Мне нужно программно воспроизвести автоматическое (варимаксное) вращение из psych::principal
для целей тестирования.
Оказывается, для некоторых данных я не могу воспроизвести это вращение из psych
, потому что, по-видимому, порядок компонентов в выходных данных изменяется при вращении.

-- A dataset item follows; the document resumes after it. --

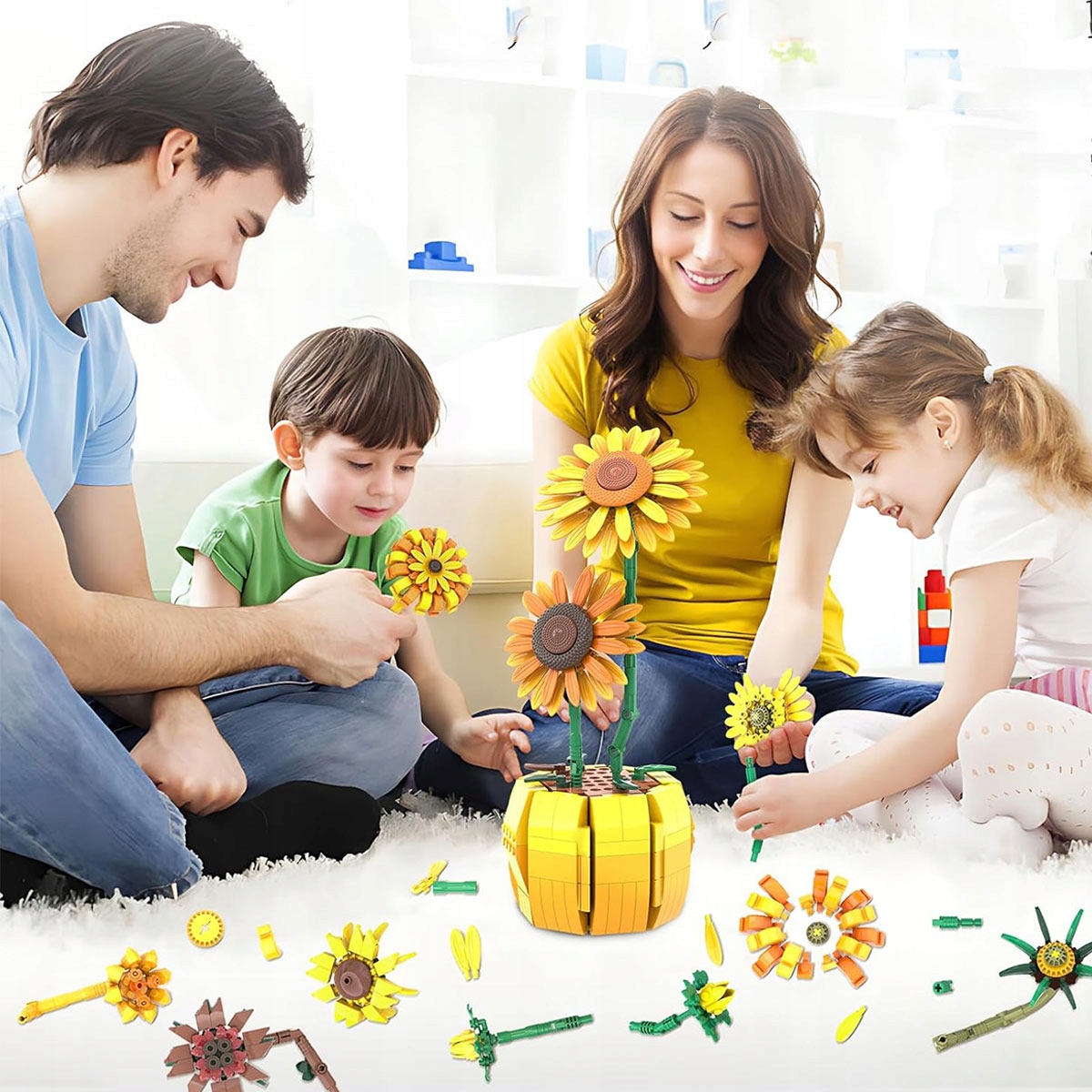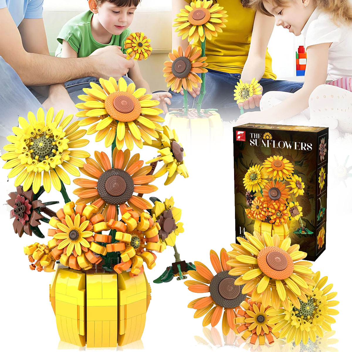 Элегантная упаковка Этот набор кубиков с букетом цветов включает понятную инструкцию и элегантную упаковку - прекрасный подарок ко Дню матери, дню рождения или юбилею. Эти энергичные, не увядающие подсолнухи привнесут свежесть в любое помещение.

Рассмотрим этот воспроизводимый пример:
# some dataset from psych
library(psych)
data("Thurstone")
principal.unrotated <- principal(r = Thurstone, nfactors = 4, rotate = "none")$loa # calculate unrotated loadings
principal.varimax <- principal(r = Thurstone, nfactors = 4, rotate = "varimax")$loa # calculate varimax rotated loadings
rot.mat.varimax <- varimax(x = principal.unrotated)$rotmat # manually calculate varimax rotmat on unrotated loadings
round(x = unclass(principal.unrotated) %*% rot.mat.varimax, digits = 12) == round(x = unclass(principal.varimax), digits = 12) # works as expected
#> [,1] [,2] [,3] [,4]
#> Sentences TRUE TRUE TRUE TRUE
#> Vocabulary TRUE TRUE TRUE TRUE
#> Sent.Completion TRUE TRUE TRUE TRUE
#> First.Letters TRUE TRUE TRUE TRUE
#> 4.Letter.Words TRUE TRUE TRUE TRUE
#> Suffixes TRUE TRUE TRUE TRUE
#> Letter.Series TRUE TRUE TRUE TRUE
#> Pedigrees TRUE TRUE TRUE TRUE
#> Letter.Group TRUE TRUE TRUE TRUE
# same procedure using some dataset from another package
library(qmethod)
data("lipset")
Lipset <- cor(x = lipset[[1]], method = "pearson") # must calculate cor matrix first
principal.unrotated <- principal(r = Lipset, nfactors = 4, rotate = "none")$loa # calculate unrotated loadings
principal.varimax <- principal(r = Lipset, nfactors = 4, rotate = "varimax")$loa # calculate varimax rotated loadings
rot.mat.varimax <- varimax(x = principal.unrotated)$rotmat # manually calculate varimax rotmat on unrotated loadings
round(x = unclass(principal.unrotated) %*% rot.mat.varimax, digits = 12) == round(x = unclass(principal.varimax), digits = 12) # fails
#> [,1] [,2] [,3] [,4]
#> US1 FALSE FALSE TRUE TRUE
#> US2 FALSE FALSE TRUE TRUE
#> US3 FALSE FALSE TRUE TRUE
#> US4 FALSE FALSE TRUE TRUE
#> JP5 FALSE FALSE TRUE TRUE
#> CA6 FALSE FALSE TRUE TRUE
#> UK7 FALSE FALSE TRUE TRUE
#> US8 FALSE FALSE TRUE TRUE
#> FR9 FALSE FALSE TRUE TRUE
round(unclass(principal.varimax)[, c(2,1,3,4)], 12) == round(unclass(principal.unrotated) %*% rot.mat.varimax, 12) # seems like the ORDER of components is reversed
#> PC1 PC2 PC3 PC4
#> US1 TRUE TRUE TRUE TRUE
#> US2 TRUE TRUE TRUE TRUE
#> US3 TRUE TRUE TRUE TRUE
#> US4 TRUE TRUE TRUE TRUE
#> JP5 TRUE TRUE TRUE TRUE
#> CA6 TRUE TRUE TRUE TRUE
#> UK7 TRUE TRUE TRUE TRUE
#> US8 TRUE TRUE TRUE TRUE
#> FR9 TRUE TRUE TRUE TRUE
- Является ли это ожидаемым поведением, и если да, то почему?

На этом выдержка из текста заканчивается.